70. Having made the findings above, the Tribunal has considered the applicant's situation should he return to China now, or in the reasonably foreseeable future, the Tribunal is prepared to accept that the Chinese authorities have been known to treat those perceived as a threat to the stability and security of the Chinese state in a brutal manner as suggested by the video shown to the Tribunal at hearing. The Tribunal is not satisfied, however, that there is a real chance or a real risk of the applicant being treated in this way. Notwithstanding the applicant's father's low-level political activities, the Tribunal is not satisfied that the Chinese authorities, corrupt officials or any underworld figures have shown any interest in harming the applicant in the past. The Tribunal is not satisfied that anything has occurred in the eight years since the applicant's departure from China which would cause the Chinese authorities, corrupt officials or any underworld figures to have any interest in the applicant now, or in the reasonably foreseeable future.

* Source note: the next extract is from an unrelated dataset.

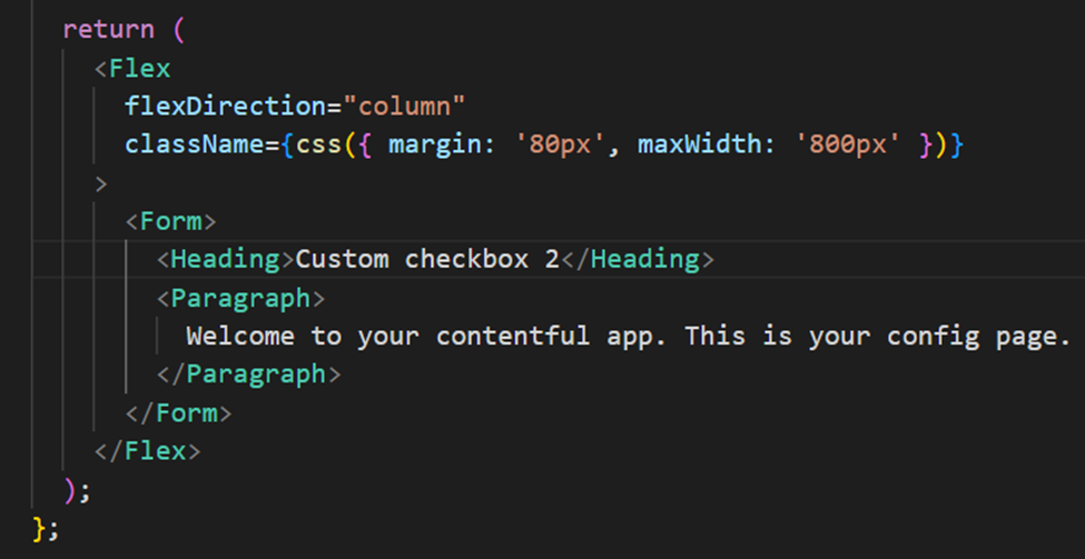 Go back to your code – into the Field.tsx file. In the top import the Checkbox component from f36-components delivered by Contentful:import { Paragraph, Checkbox } from '@contentful/f36-components';

38 The importance of considering not just [70], but also [64], [65], and [69] of the Tribunal's reasons, is that the earlier paragraphs contain findings as to the factual substratum upon which the further claim was based. The assertions by the appellant in answers 84, 91, 95, 96, 97, 99, 100 and 101, reproduced at [26] above, flowed from events that were not accepted by the Tribunal to have taken place, or from characterisations that were otherwise not accepted, such as documents that the appellant asserted he was planning to expose as being sensitive in nature. Thus the claims were very much subsumed in the Tribunal's other finding, and not simply left to a general adverse credit finding, which may or may not have sufficed. In all of the circumstances, even if the assertions contained in what was said by the appellant did constitute additional claims, they were adequately addressed by the Tribunal. The primary judge did not err in failing to find to the contrary.
39 It follows that this aspect of ground 1(a) and (b), and the entirety of ground 2(a) and (b) must fail.